This paper collected an anonymized dataset from Peking University between 2014 and 2021 to analyze students’ behavior. There are 4568 students, 5591 courses, and 208949 actual course enrollments. A course enrollment means that the student was enrolled up to the end of the semester. The course data consists of 53 departments of Peking University, such as Archaeology and Museology, Electronics Engineering and Computer Science, College of Engineering, and Guanghua School of Management. Each course has a brief introduction, and the course name can optionally be regarded as an introduction if the course introduction is missing. There are 2107 courses with prerequisites in our dataset; they are written in natural language texts by the teacher of the course. In the actual course selection, the course selection is not limited according to these prerequisites; they are just suggestions for students’ course selection. Table 1(a) presents some examples of student data. Each student has the characteristics of student number, year of enrollment, education background, and major. Table 1(b) presents some examples of course data. Each course has the characteristics of course number, course name, college, course type, grade, prerequisite, and introduction. Table 2 present some example of course selection data.

As shown in the table above, students and courses have lots of missing information. For example, there are 149223 course-score records out of 208949 course-selection records. Statistics of missing data in all datasets are shown in Table 3.

The user and course portrait are combined as training items in training data construction. For example, a training or prediction item contains the following features:

(StudentID, EnrollmentYear, Education, Major, AverageScore) + (CourseID, CourseName, CourseCollege, AcademicYear, Type, Grade, Semester, Department, Score) + (Dimensionality Reduction of Processed Course Introduction, Processed Course Prerequisites).

There are 208949 items of entire course selection when making the training set, and then counterexamples are made according to the ratio of entire course selection data to false course selection data of 1:1, 1:20, and 1:40. The so-called counterexamples are the combination of students and courses that have not been selected.

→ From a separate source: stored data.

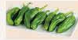
Padrón Peppers £4 • £3 HH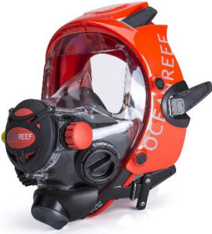
Space Extender - Orange/Orange (Medium/Large OR025108)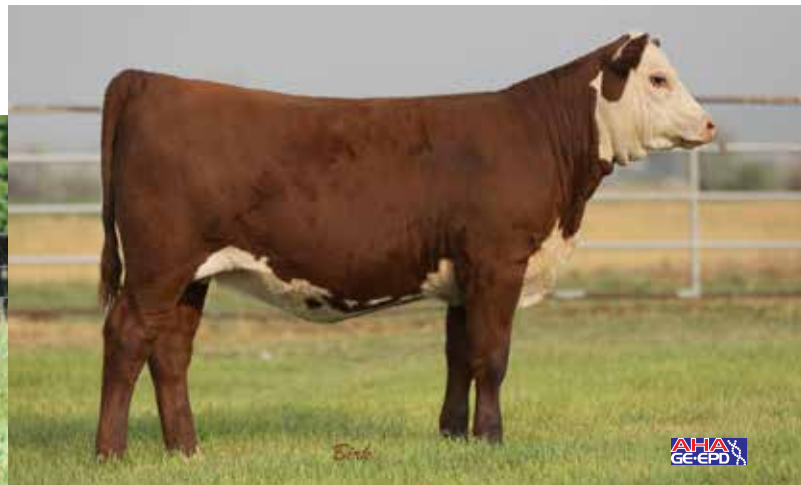
Lot 34 — Mohican Lana 53J ET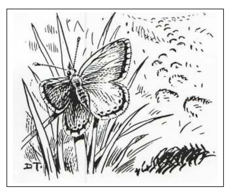
Illustration by Dave Thelwell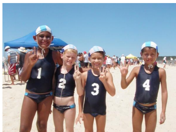
UNDER 8's above, UNDER 14's below

The proportion of positive and negative examples in the verification set is consistent with that in the training set.

In testing data construction, all students in the test set did not appear in the training set. Therefore, for each student in the test set, combine all 5591 courses with the student to form 5591 items, including positives and negatives. For inference, we first predict the score of 5591 items and rank all items based on the predicted scores in descending order. The top-N courses will be regarded as the proper courses for students.

Evaluation metric

In this paper, AUC and LogLoss are adopted to measure the performance of baselines and DORIS. The details of two evaluation metrics are shown below:

  • AUC is the abbreviation of Area Under the Curve and is a performance measurement for classification problems at various threshold settings. The higher the AUC, the better the model predicts the 0-class as 0 and the 1-class as 1.
  • LogLoss indicates how close the prediction probability is to the corresponding actual/true value (0 or 1 in case of binary classification). The more the predicted probability diverges from the actual value, the higher the log-loss value.

Experimental setting

In the DORIS, the latent dimension of FM is 8, and the DNN has MLP with three layers with a hidden size is 128. The dimension of the course introduction is set to 394. The training and evaluating batch size are set to 2048. The activation function is relu, and the dropout rate is set to 0.2. We use the Adam [44] to optimize our model with the learning rate of 0.0005, and two momentum coefficients are set to 0.9 and 0.999, respectively. All the models are trained on the distributed platform with Linux system armed with AMD EPYC 7302 16-Core Processor, 503G Memory, 8 NVIDIA A100 GPU, and 12T Disk.

Baselines

To comprehensively evaluate the performance of DORIS, we list some baseline approaches for comparison. The baselines are introduced as follows.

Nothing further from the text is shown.